Robust Isolation Forest using Soft Sparse Random Projection and Valley Emphasis Method
This work addresses stability and robustness issues in anomaly detection for applications requiring reliable performance across diverse datasets, though it is incremental as it builds on existing Isolation Forest methods.
The paper tackles the problem of inconsistent performance and difficulty in isolating rare anomalies in Isolation Forest by introducing Robust iForest (RiForest), which uses soft sparse random projection and valley emphasis to improve splits, resulting in consistent outperformance across 24 benchmark datasets.

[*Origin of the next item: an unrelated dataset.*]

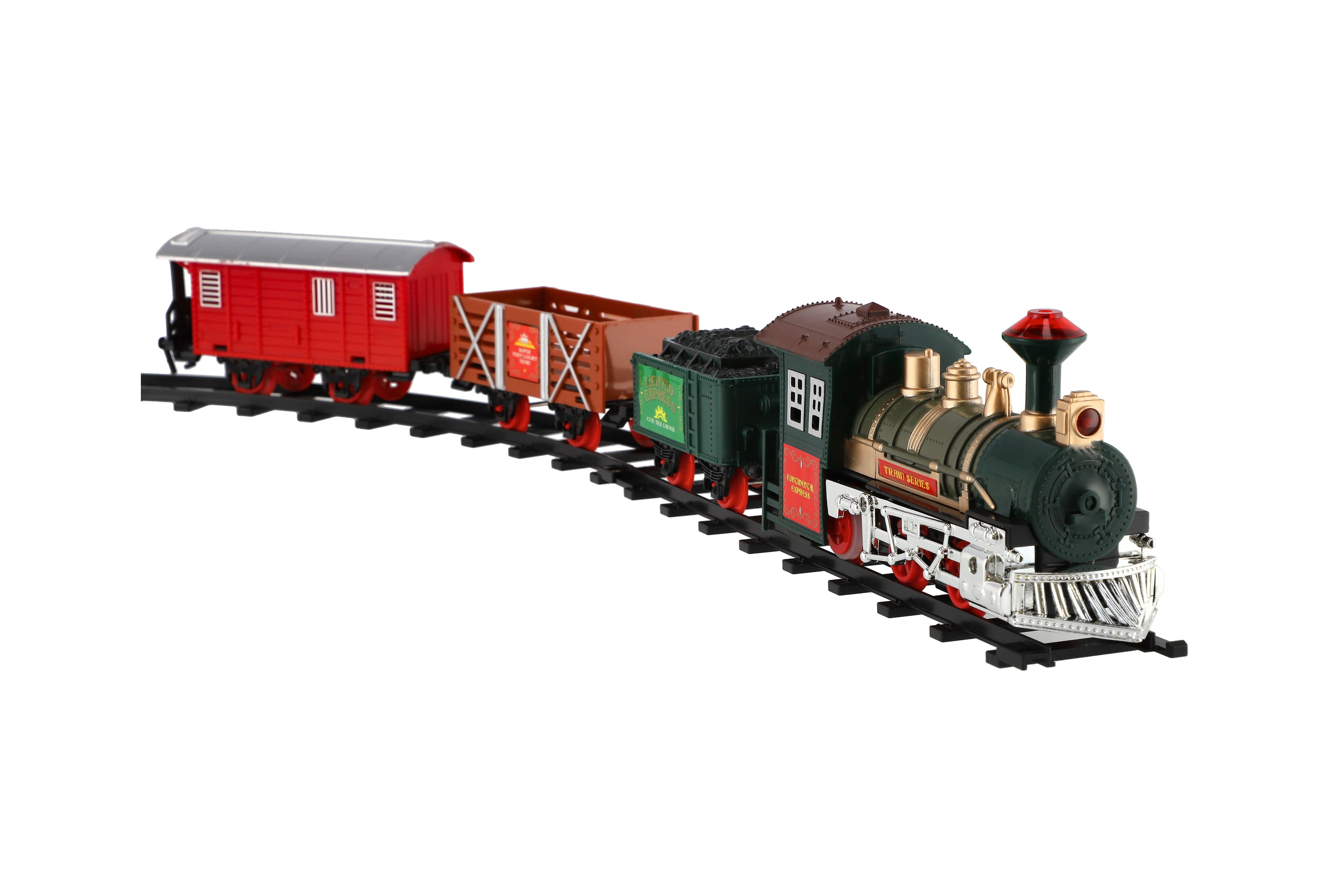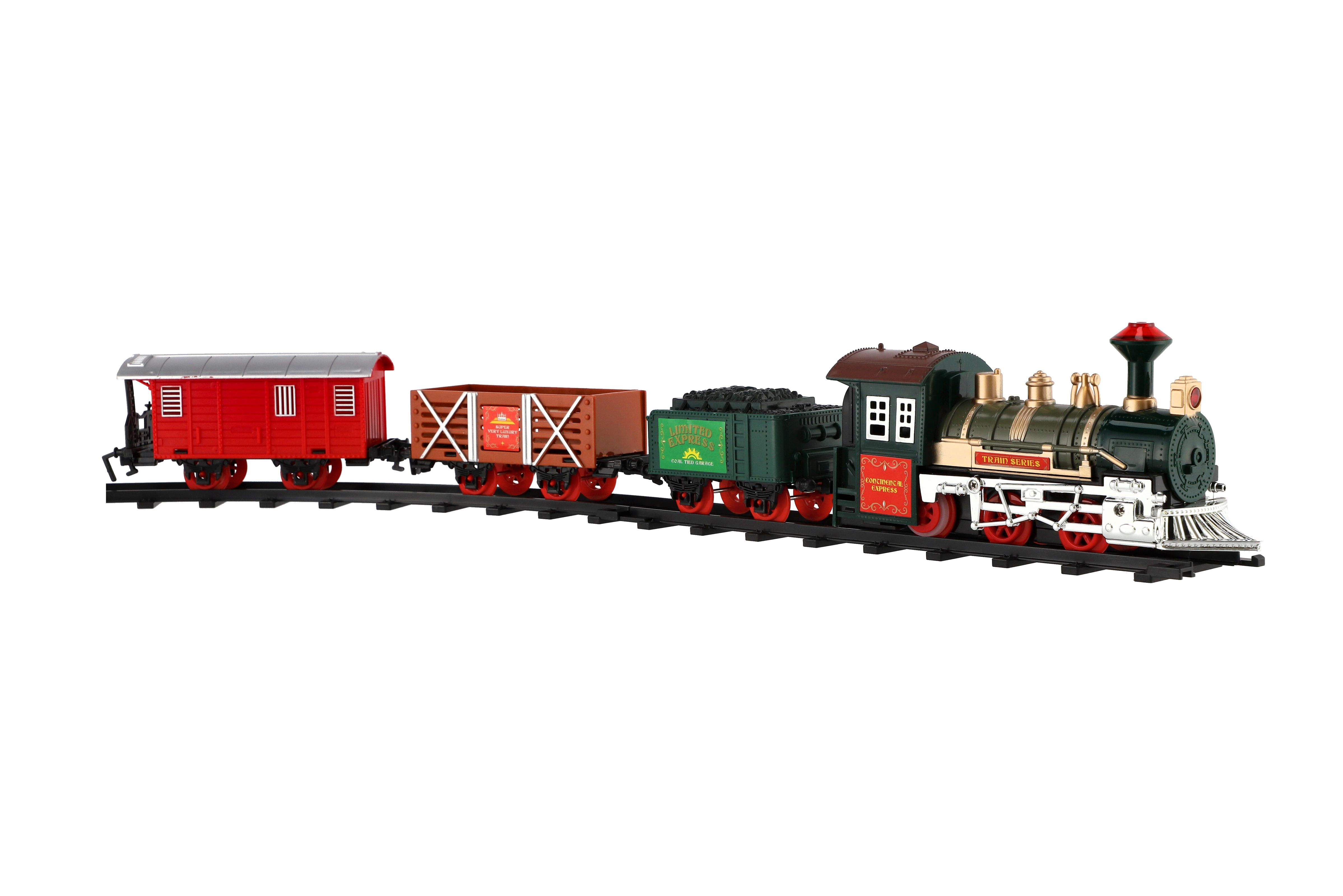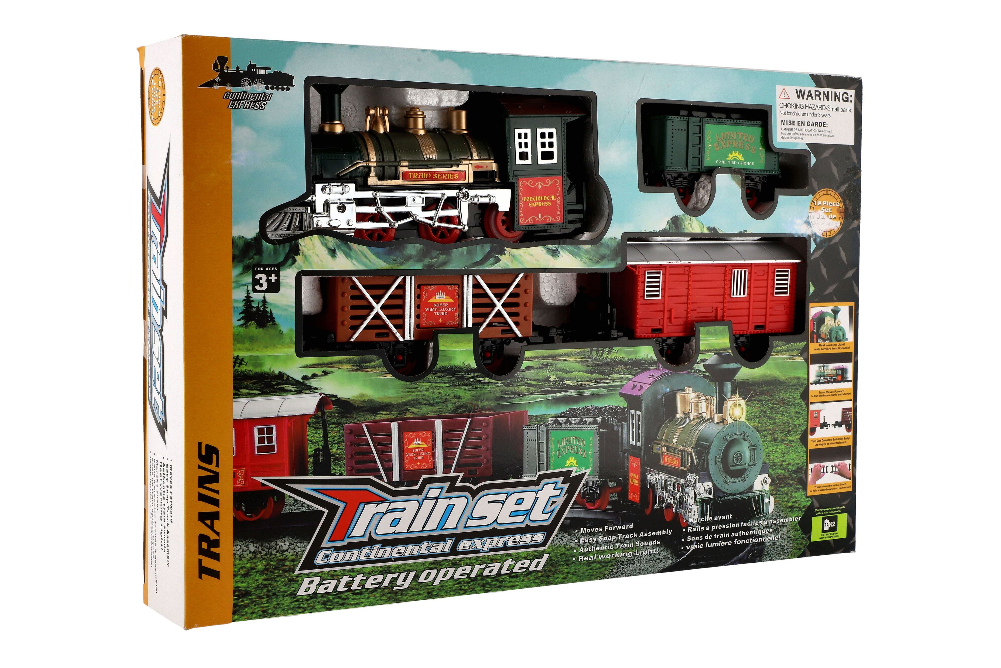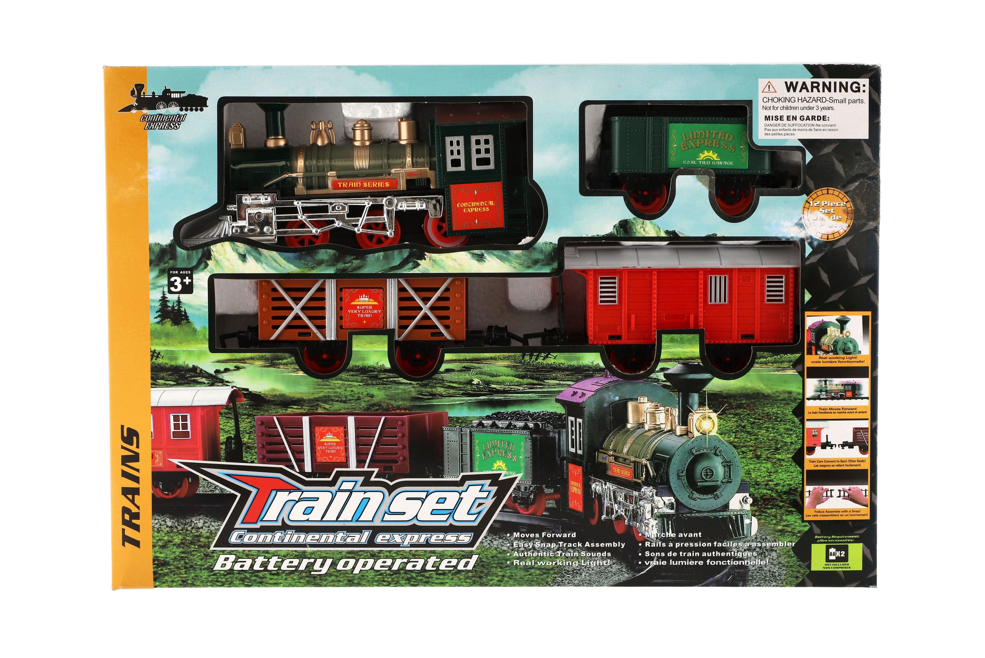 Tato super vlaková souprava kolejemi nadchne jistě každého kluka. Postav si trať a nech vláček jezdit. Občas nezapoměň zastavit a nechat vystoupit a nastoupit nové cestující... Balení obsahuje: lokomotivu, které svítí světla, 3 vagónky, 6 ks zatáček a 2 ks rovných kolejí. K provozu jsou třeba 2 x AA baterie do mašinky (nejsou součástí). Rozměry okruhu: 107 cm Rozměr balení: 41 x 28 x 6 cm Nevhodné pro děti do 3 let

Isolation Forest (iForest) is an unsupervised anomaly detection algorithm designed to effectively detect anomalies under the assumption that anomalies are ``few and different." Various studies have aimed to enhance iForest, but the resulting algorithms often exhibited significant performance disparities across datasets. Additionally, the challenge of isolating rare and widely distributed anomalies persisted in research focused on improving splits. To address these challenges, we introduce Robust iForest (RiForest). RiForest leverages both existing features and random hyperplanes obtained through soft sparse random projection to identify superior split features for anomaly detection, independent of datasets. It utilizes the underutilized valley emphasis method for optimal split point determination and incorporates sparsity randomization in soft sparse random projection for enhanced anomaly detection robustness. Across 24 benchmark datasets, experiments demonstrate RiForest's consistent outperformance of existing algorithms in anomaly detection, emphasizing stability and robustness to noise variables.